# Kindle for PC crashes



## siya (Oct 10, 2010)

So as soon as  start Kindle for PC it crashes. If it remains working till  log in it crashes as soon as I log on. So no book has ever opened on Kindle on Vista.


----------



## vanzant (Oct 4, 2010)

Try uninstalling  the program and then install it again.


----------



## siya (Oct 10, 2010)

already tried: 
uninstalling
deleting books from kindle
deleting temp n prefetch files
system restore


what else?


----------



## Feste (Aug 25, 2010)

Have you tried running it as Administrator or in compatibility mode?  You can also try running it with your AV off(temporarily) to see if that works or setting it as excluded in the auto scan.  Could be a firewall issue as well as it is a program that accesses net.

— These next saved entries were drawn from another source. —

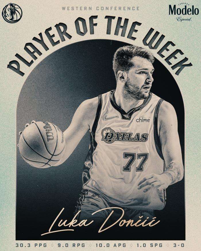 东契奇本赛季第3次夺得周最佳,生涯第7次当选,独行侠官方祝贺东契奇,配文写道:神奇的一周;本赛季东契奇场均拿到28.4分9.1篮板8.7助攻以及1.2次抢断和0.6盖帽,带领独行侠(52胜30负)以西部第四的身份晋级季后赛。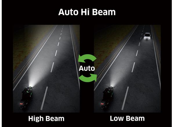 Using a camera sensor to assess the brightness of the lights of vehicles ahead, of streetlights, etc. AHB automatically turns the bike’s high beams on or off as necessary. For the system to function, the dimmer/passing switch must be set to high beam, the bike must be travelling above 20 km/h, and it must be dark. When the system has been engaged, the icon displayed on the instrument screen will show green.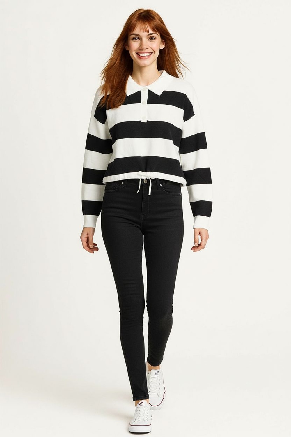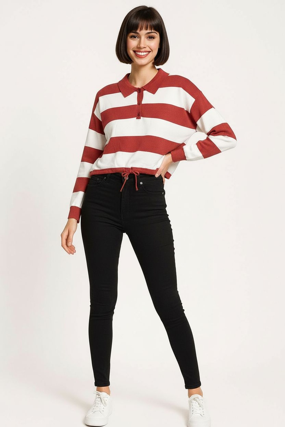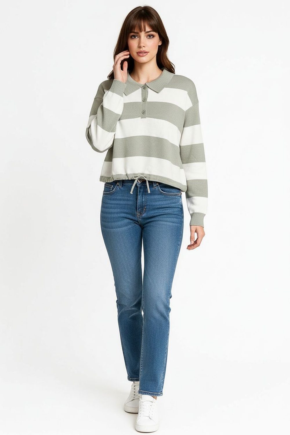 Suéter tipo polo con cuello abierto y escote en V, confeccionado en tejido de punto con textura ligera que ofrece comodidad y frescura, diseño con jareta ajustable en cintura que permite personalizar el entalle, mangas largas con puño ceñido que aportan un acabado limpio y moderno
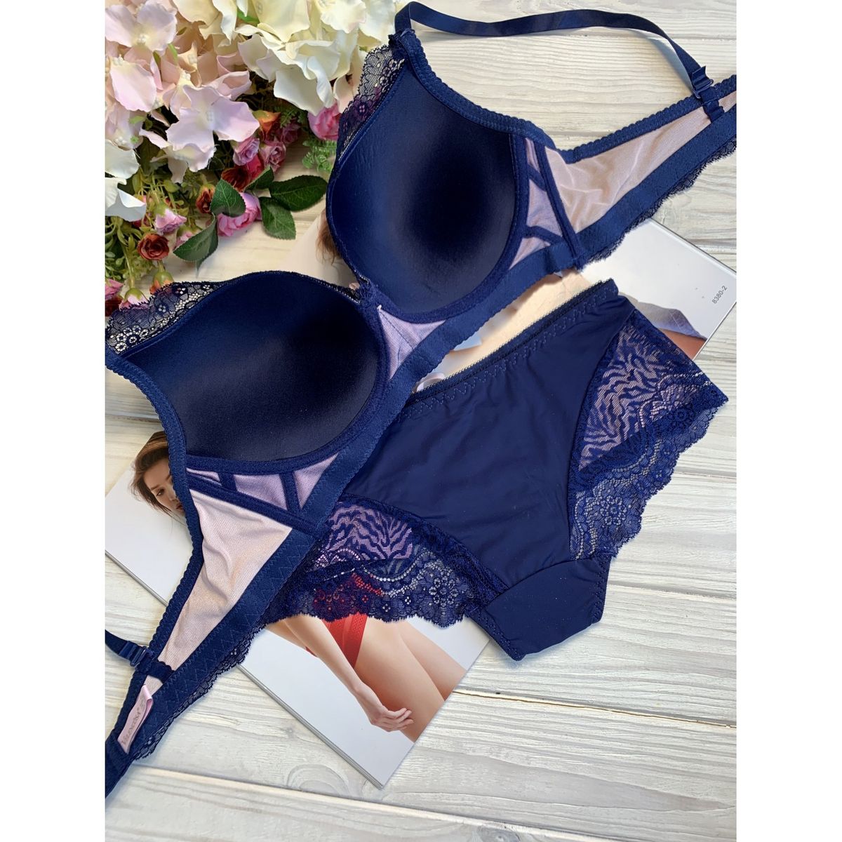 Описание: Ажурный бюст на тонком поролоне без костей. Бретель – съемная, спина - ажурная В комплекте трусики с низкой посадкой.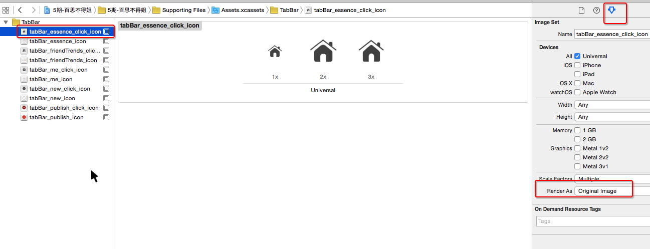 // 加載圖片UIImage *tempImage = [UIImage imageNamed:@"tabBar_essence_click_icon"];// 產生一張不會進行自動渲染的圖片UIImage *selectedImage = [tempImage imageWithRenderingMode:UIImageRenderingModeAlwaysOriginal];vc.tabBarItem.selectedImage = selectedImage;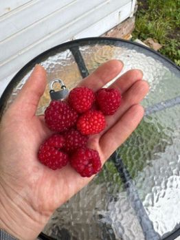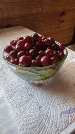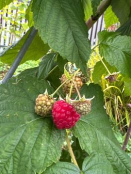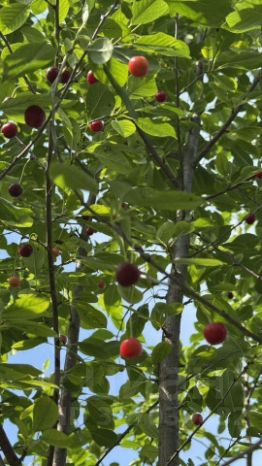 Имеется яблоня, вишни 2 вида , крыжовник , малина 3 сортов , ежевика посажена в прошлом году. , черная смородина много кустиков старых и новых, красная смородина.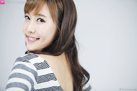 Sweet Im Min Young in black and white stripes mini dress. Enjoy ^^~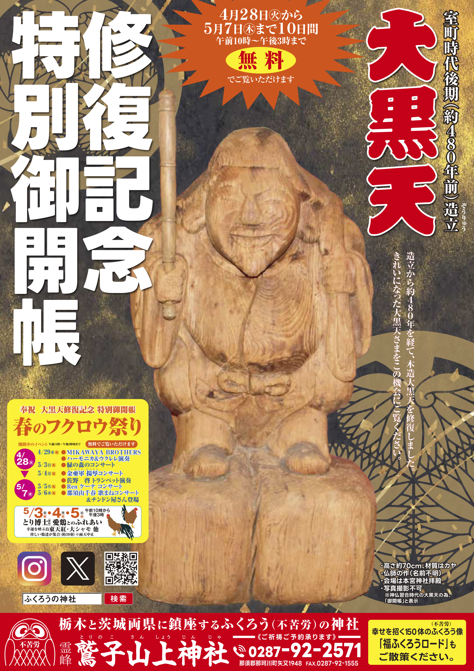 (拝観無料) 御開帳期間:4月28日〜5月7日までの10日間(午前10時〜午後3時まで)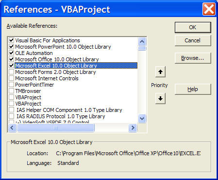 Of course, to use the above code one must set a reference to the Excel Object library as shown in Figure 4.  And, that, in itself is a clue on one possible way to avoid the problem!  We will see a solution based on not setting a reference to the library a little later.

It runs fine on my Vista install (32bit) so I don't believe it's a general vista issue just something in conflict on your system.  This kind of thing can be such a PITA so good luck.


----------



## vanzant (Oct 4, 2010)

Like Feste said, try installing it as administrator.

Here is how I would do the above.

1. Uninstall the Kindle program.
2. Restart PC.
3. Right click on Kindle install program icon and click on *Run as administrator*.

Good Luck!


----------